▶ [Exercise instructions]: Only the pictures are dropped; the lines of the material that follow are returned exactly.

▶ [Data for this task]:
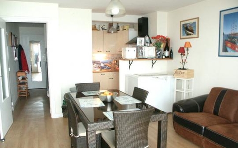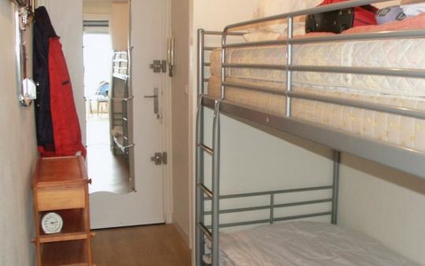 STUDIO cabine au 5ème étage (ascenseur) comprenant ENTREE et CABINE avec lits superposés, placard, SEJOUR (avec grand placard mural) sur BELLE TERRASSE FACE MER de 9,31 m², CUISINE ouverte meublée et équipée, SALLE d'EAU et wc (emplacement lave-linge).
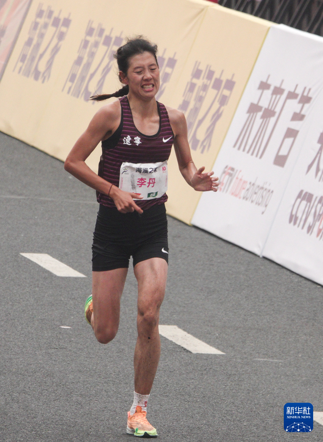 3月24日,李丹在比赛中。最终她以2小时27分32秒的成绩获得全国马拉松锦标赛(第一站)女子组第二名。新华社记者 杨磊 摄
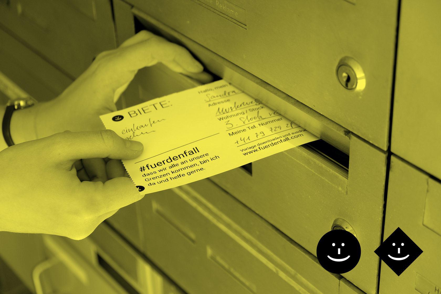 Είτε πρόκειται για ψώνια, φροντίδα των παιδιών ή συμβουλές κατά της βαρεμάρας: Το «φυλλάδιο» #fuerdenfall δίνει τη δυνατότητα σε εσάς και τους διπλανούς σας – στη γειτονιά, να λάβετε και να δώσετε βοήθεια. Γιατί οι μικρές αποστάσεις ευνοούν τη γρήγορη δράση. Η πρωτοβουλία βοηθά έτσι τις γειτονιές να οργανωθούν τοπικά, αποτελεσματικά και με ασφάλεια.
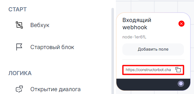 1. В Конструкторе ботов выберите «Вебхук» и добавьте блок на рабочую область.
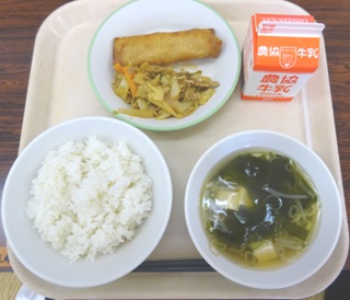 麦ごはん、春巻き、ホイコウロウ、中華スープ、牛乳
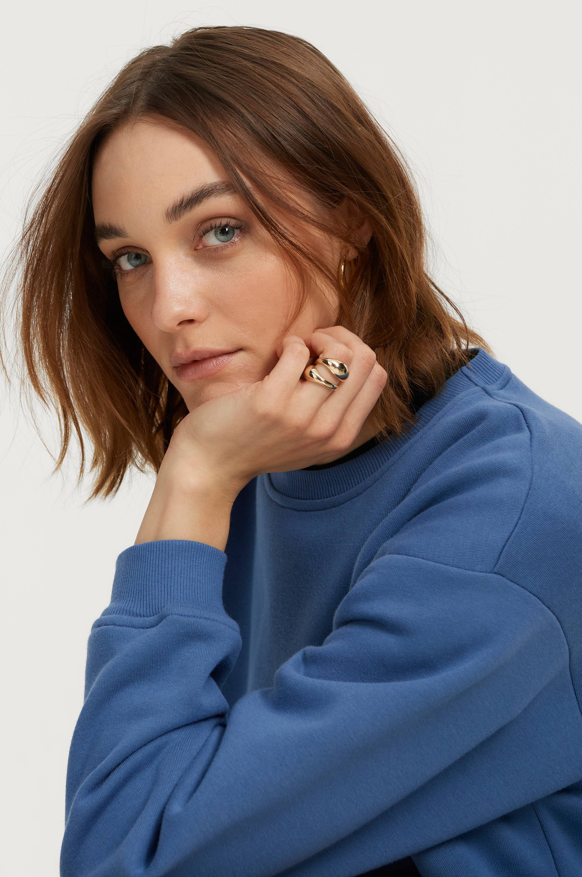 Sweatshirt i løs model med lav skuldersøm og ribkant i kant forneden, ærmekant og hals. Skøn kvalitet med blød, børstet inderside. Længde ca. 59 cm i str. 34/36.
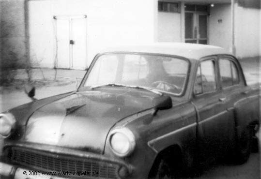 Das Auto war in einem eklatant schlechtem Zustand, so daß ich ihn alsbald wieder verkauft habe, da ich über nichts verfügte, was man für so ein Auto braucht: Garage, Werkstatt, Ersatzteile - geschweige denn Beziehungen. Dennoch denke ich gern an meinen alten Moskwitsch zurück. Heute hätte ich ihn gerne wieder. Immerhin, einige Anekdoten zu diesem Auto habe ich parat - vielleicht erzähl ich es Mal.. |
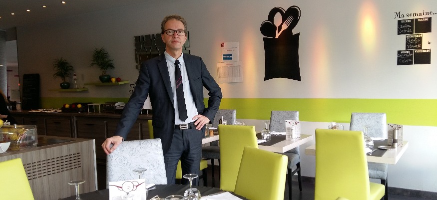 Photo : Didier Perillat, directeur de l'Hôtel dans la salle du Restaurant de l'Hôtel "Le 76"
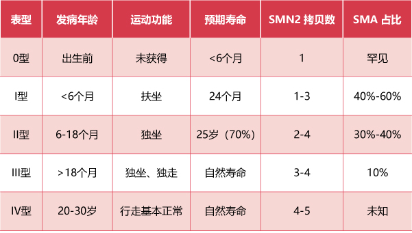 根据起病年龄、病情进展速度、肌无力程度及存活时间长短,SMA可分为以下几型:
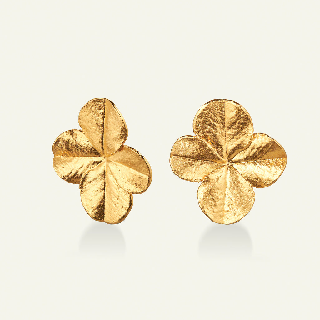 Den ægte firkløver der blev brugt til disse øreclips blev plukket i Danmark i 1950erne.
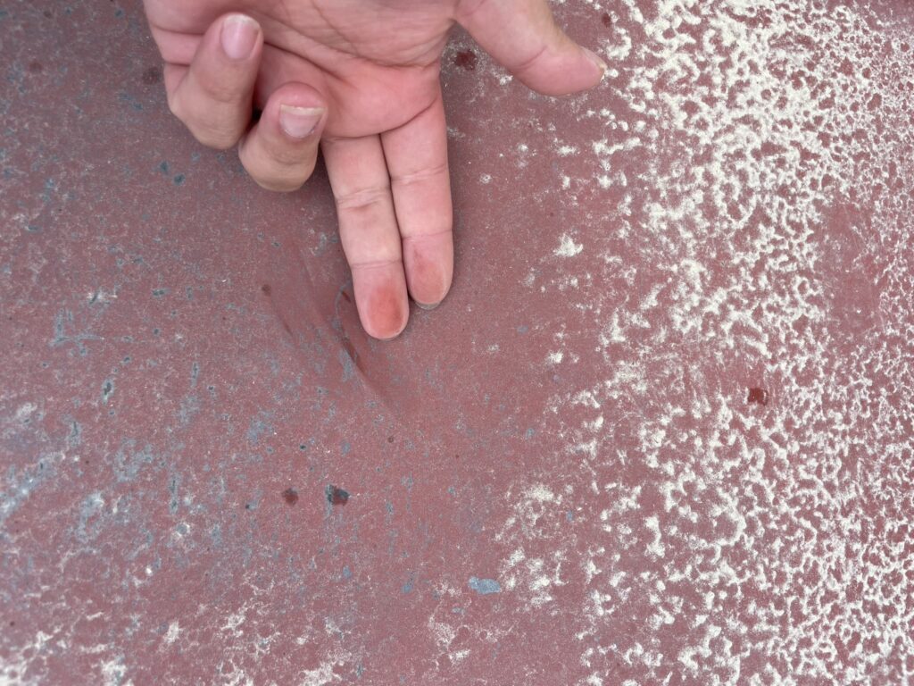塗料の硬化不良、色の透け・抜け等の施工不良はございませんでした。(下写真2枚)

▶ [Answer to this problem]:
 STUDIO cabine au 5ème étage (ascenseur) comprenant ENTREE et CABINE avec lits superposés, placard, SEJOUR (avec grand placard mural) sur BELLE TERRASSE FACE MER de 9,31 m², CUISINE ouverte meublée et équipée, SALLE d'EAU et wc (emplacement lave-linge).
 3月24日,李丹在比赛中。最终她以2小时27分32秒的成绩获得全国马拉松锦标赛(第一站)女子组第二名。新华社记者 杨磊 摄
 Είτε πρόκειται για ψώνια, φροντίδα των παιδιών ή συμβουλές κατά της βαρεμάρας: Το «φυλλάδιο» #fuerdenfall δίνει τη δυνατότητα σε εσάς και τους διπλανούς σας – στη γειτονιά, να λάβετε και να δώσετε βοήθεια. Γιατί οι μικρές αποστάσεις ευνοούν τη γρήγορη δράση. Η πρωτοβουλία βοηθά έτσι τις γειτονιές να οργανωθούν τοπικά, αποτελεσματικά και με ασφάλεια.
 1. В Конструкторе ботов выберите «Вебхук» и добавьте блок на рабочую область.
 麦ごはん、春巻き、ホイコウロウ、中華スープ、牛乳
 Sweatshirt i løs model med lav skuldersøm og ribkant i kant forneden, ærmekant og hals. Skøn kvalitet med blød, børstet inderside. Længde ca. 59 cm i str. 34/36.
 Das Auto war in einem eklatant schlechtem Zustand, so daß ich ihn alsbald wieder verkauft habe, da ich über nichts verfügte, was man für so ein Auto braucht: Garage, Werkstatt, Ersatzteile - geschweige denn Beziehungen. Dennoch denke ich gern an meinen alten Moskwitsch zurück. Heute hätte ich ihn gerne wieder. Immerhin, einige Anekdoten zu diesem Auto habe ich parat - vielleicht erzähl ich es Mal.. |
 Photo : Didier Perillat, directeur de l'Hôtel dans la salle du Restaurant de l'Hôtel "Le 76"
 根据起病年龄、病情进展速度、肌无力程度及存活时间长短,SMA可分为以下几型:
 Den ægte firkløver der blev brugt til disse øreclips blev plukket i Danmark i 1950erne.
塗料の硬化不良、色の透け・抜け等の施工不良はございませんでした。(下写真2枚)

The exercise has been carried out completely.